Question

The normal freezing point of $n$ -octane $\left({\mathrm{C}}_8{\mathrm{H}}_{18}\right)$ is $-{57}^{\circ }\mathrm{C}$ . (a) Is the freezing of $n$ -octane an endothermic or exothermic process? (b) In what temperature range is the freezing of $n$ -octane a spontaneous process? (c) In what temperature range is it a nonspontaneous process? (d) Is there any temperature at which liquid $n$ -octane and solid $n$ -octane are in equilibrium? Explain.

Short answer

(a) The freezing of n-octane is an exothermic process. (b) Freezing of n-octane is spontaneous at temperatures lower than -57°C. (c) Freezing of n-octane is non-spontaneous at temperatures above -57°C. (d) At -57°C, liquid and solid n-octane are in equilibrium.

Step-by-step solution

(a) Determine if the freezing process is endothermic or exothermic.
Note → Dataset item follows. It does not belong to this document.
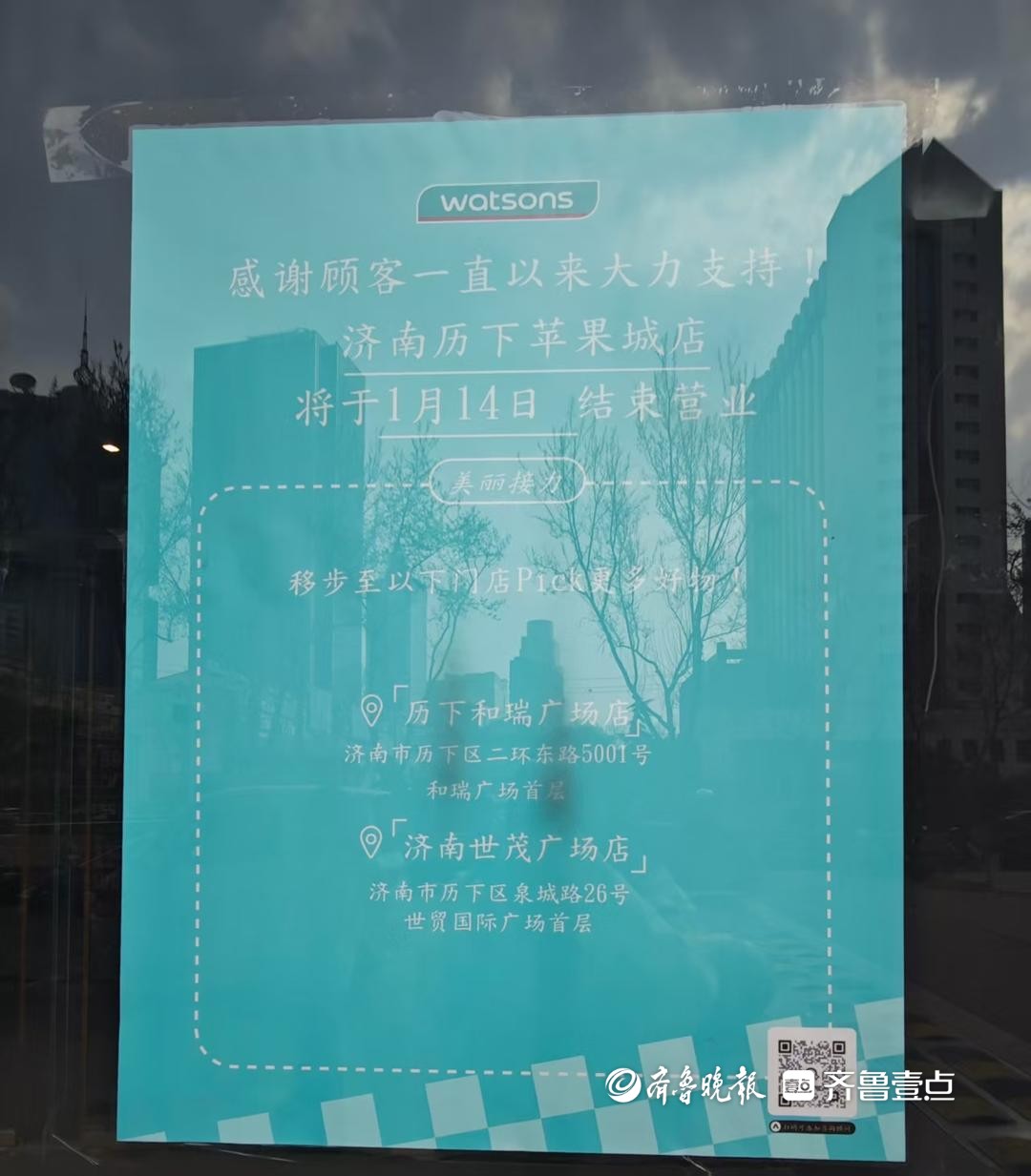 4月1日下午,齐鲁晚报·齐鲁壹点记者走访济南屈臣氏苹果城店发现,该门店已处于关闭状态。门店张贴的公告显示,屈臣氏济南历下苹果城店已于1月14日结束营业。

Freezing is the process in which a substance changes from its liquid state to its solid state. When a substance freezes, it releases heat energy into its surroundings. Since energy is being released during the process, freezing is an exothermic process. Thus, freezing of n-octane is an exothermic process.
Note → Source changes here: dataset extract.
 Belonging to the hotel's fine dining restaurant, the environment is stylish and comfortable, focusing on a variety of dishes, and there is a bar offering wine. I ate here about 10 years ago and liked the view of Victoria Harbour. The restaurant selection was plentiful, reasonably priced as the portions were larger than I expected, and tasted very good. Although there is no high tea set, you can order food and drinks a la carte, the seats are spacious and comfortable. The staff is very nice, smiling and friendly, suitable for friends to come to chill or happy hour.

(b) Identify the temperature range for spontaneous freezing.

For the freezing of n-octane to be spontaneous, it should be favorable in terms of entropy change (∆S) and enthalpy change (∆H). An exothermic process (∆H < 0) and an increase in the entropy of the surroundings (∆S > 0) make spontaneous process. Since freezing is an exothermic process, we only need to consider the temperature range where the entropy change is positive. Considering that the normal freezing point of n-octane is -57°C, spontaneous freezing will occur at temperatures below -57°C for the process to be favorable in terms of both ∆H and ∆S. Therefore, n-octane freezing is spontaneous at temperatures lower than -57°C.
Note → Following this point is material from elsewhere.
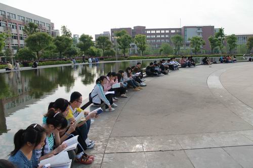 伟德国际1946源于英国图书馆前有一个巨大的圆形广场,今天上午七点半,上百名学生突然出现在这里,他们很快围成了一个圆圈,圆圈内上百名学生排列成一个大大的“书”字。队形排好后,所有的学生都拿出一本书大声朗读起来。他们有的读英语,有的读《论语》,有的读诗歌,有的读专业书籍,忘我地沉浸在阅读的快乐中。此时正好是学生去教室上课的时间,所有途经这里去往教室的学生都被他们庞大的气势和郎朗的读书声所吸引,他们好奇地围观,一些同学恍然大悟地想起原来今天是世界读书日!十五分钟后,读书的人群突然散去,刚才还书声朗朗的广场恢复了安静,“快闪”行动到此结束。

(c) Identify the temperature range for non-spontaneous freezing.

When a process is non-spontaneous, it means either the enthalpy change (∆H) or entropy change (∆S) are unfavorable for the process to occur on its own. In the case of n-octane freezing, we know that it is an exothermic process and favorable in terms of ΔH. Therefore, ΔS must be the unfavorable factor. A process is non-spontaneous when its entropy change is negative (∆S < 0). As discussed in part (b), n-octane freezing is spontaneous at temperatures lower than -57°C. So, it is non-spontaneous at temperatures above -57°C.

(d) Determine if there's a temperature at which liquid and solid n-octane are in equilibrium.

At the normal freezing point of a substance, the solid and liquid phases are in equilibrium. It means that the rate of freezing (solidification) is equal to the rate of melting (liquefaction). For n-octane, this equilibrium occurs at its normal freezing point, -57°C. At this temperature, both liquid and solid n-octane coexist in equilibrium.

Key concepts

Freezing Point

The freezing point is the temperature at which a liquid turns into a solid. For a substance like n-octane, this occurs at -57°C. At this specific temperature, the molecules in the liquid slow down sufficiently to form solid structures.
The freezing point is unique to each substance and is affected by the substance's intrinsic properties.

• It marks the transition between the liquid and solid phase under standard atmospheric pressure.
• For n-octane, below -57°C, the solid form is favored, while above it, the liquid form prevails.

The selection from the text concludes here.